Representing New York in the late stages of the 20th century was the young singer Aaliyah, who during a 12-year career—most of it during her teenage years—managed to top the Billboard charts multiple times. This included her 2000 hit “Try Again,” the first-ever song to top the singles chart on airplay alone. She died tragically in a plane crash at the age of 22 and was funeralized at Manhattan’s Church of St. Ignatius, having been a Catholic all her life. 

Master P and Lil’ Wayne, two of the biggest modern rappers to come out of New Orleans, have also been open about their Catholic faith, with the former famously ponying up half a million dollars in the late 1990s to save a trio of Black parishes and parochial schools in his hometown, including his alma mater and childhood church. Wayne has said in recent years that, during a prison sentence, he considered becoming a Christian rapper. 
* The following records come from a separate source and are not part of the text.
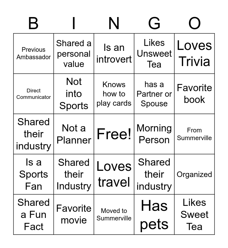 This bingo card has a free space and 34 words: Has kids, Has pets, Carolina Fan, Clemson Fan, Is a Sports Fan, Not into Sports, Loves Trivia, Shared a Fun Fact, Shared a personal value, Shared a Favorite saying, Knows how to play cards, Is an introvert, Is an extravert, Night owl, Morning Person, Favorite book, Favorite movie, Shared their industry, Shared their Industry, Shared their industry, Loves travel, Home body, Previous Ambassador, From Summerville, Moved to Summerville, Likes Sweet Tea, Likes Unsweet Tea, Coffee Drinker, has a Partner or Spouse, Direct Communicator, Is a Planner, Not a Planner, Organized and Multi-tasker.
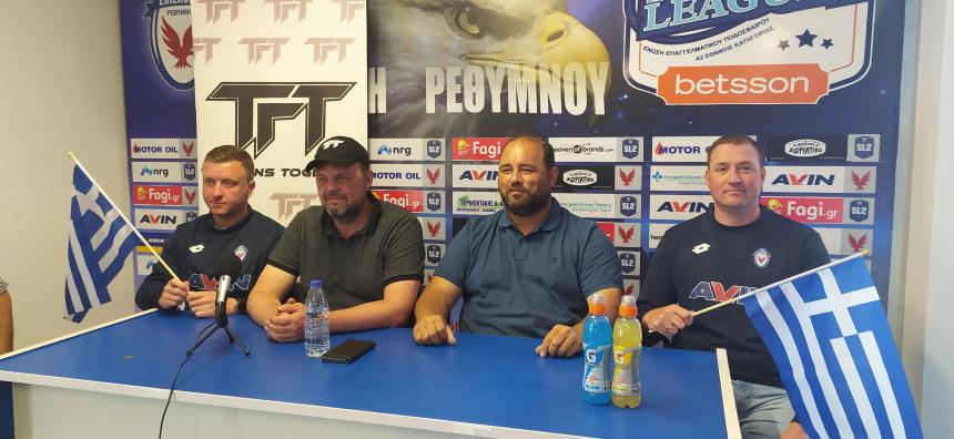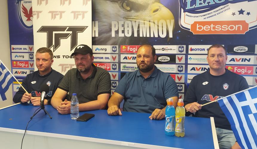 “Πρόκειται να καλέσουμε κάποιους παίκτες από το Ρέθυμνο και την Κρήτη. Υπάρχουν καλοί ποδοσφαιριστές που κατάγονται από το Ρέθυμνο και την Κρήτη και παίζουν κάπου αλλού. Πρώτα πα’ όλα όμως, θέλουμε να δούμε το υλικό που υπάρχει εδώ και να δώσουμε τις ευκαιρίες και την ελπίδα σε νέους παίκτες για να τους έχουμε μαζί μας. Θα το κάνουμε πολύ σύντομα. Για την ακριβή ημερομηνία είναι κάτι που θα το συνεννοηθούμε με τον κ. Καραβιώτη.”
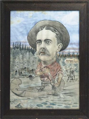 CRICHTON (American, Early 20th Century) “WAUGH I’LL BITE YOU”. Watercolor political cartoon shows a mustachioed Teddy Roosevelt in a canoe paddling along a river with forest in background. A moose is looking on knee deep in water with text bubble “Waugh I’ll Bite You”. A small frog sits on a lily pad with text bubble “Gur-r-r-r-up”. Housed in a period stained oak frame. SIGHT SIZE: 19-1/2” x 13-1/2”. CONDITION: Good, some toning to bottom edge. 9-96665
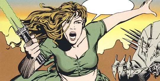 THE SAGA OF NOMI SUNRIDER: 4 stars The second set of strips in this collection is about Nomi Sunrider's journey to jedi knighthood. Nomi and her husband Andur, along with their infant daughter Vima, are going on a journey to the edge of the galaxy to find the jedi master Thon. But a crime lord known as the Great Bogga is after Andur Sunrider's box of Adegan Crystals, and may complicate things for our heroine Nomi. An easy pick for my favorite story arc in this collection, "The Saga of Nomi Sunrider" is, for the most part, quite strong. It still suffers from some of the same problems that the first arc had, namely the underdeveloped characters and iffy writing, but a strong story and decent artwork elevates this quite a bit. Despite being relatively simple, I found Nomi Sunrider to be a likeable and relateable protagonist, and I was invested in her. Even with the narration in the backgroud, I was engaged in her journey and her struggle to become a Jedi. So far, Nomi Sunrider is my favorite Tales of the Jedi character, and she's the one I am looking forward to seeing the most in the coming issues.
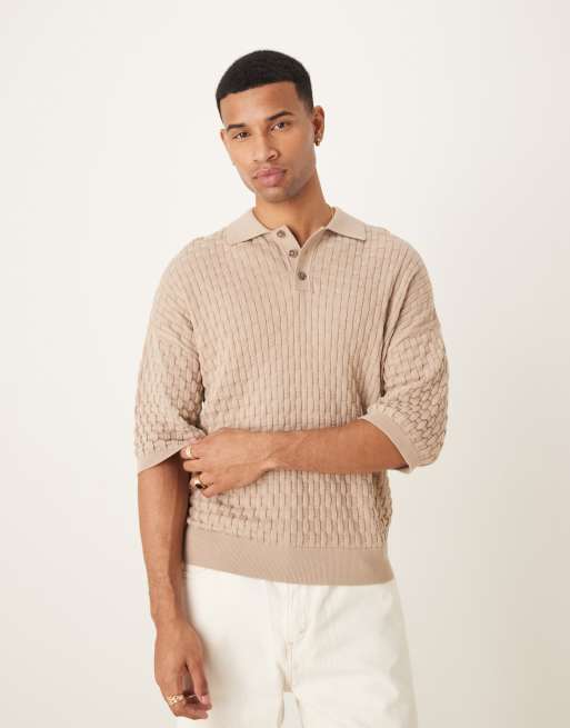 ASOS DESIGN – Beige, stickad pikétröja med avslappnad och 3/4-långa ärmar

The could-haves of Catholics in modern Black music are ongoing, and the great exodus of Black Catholics from the faith in the 1970s onward has been of no help to the vision. Recent studies show that barely more than half of African Americans raised Catholic remain in the church as adults, and this is by all means reflected in the current landscape of Black artists in popular music. Even so, when one peruses the history of the genre and phenomenon, the Black Catholic influence is, quite simply, off the charts. 

 

 

NATE TINNER-WILLIAMS is cofounder and editor of Black Catholic Messenger, a nonprofit digital media publication covering stories of interest to African American Catholics. He is a seminarian with the Society of St Joseph of the Sacred Heart, also known as the Josephites. He currently resides in Washington, DC.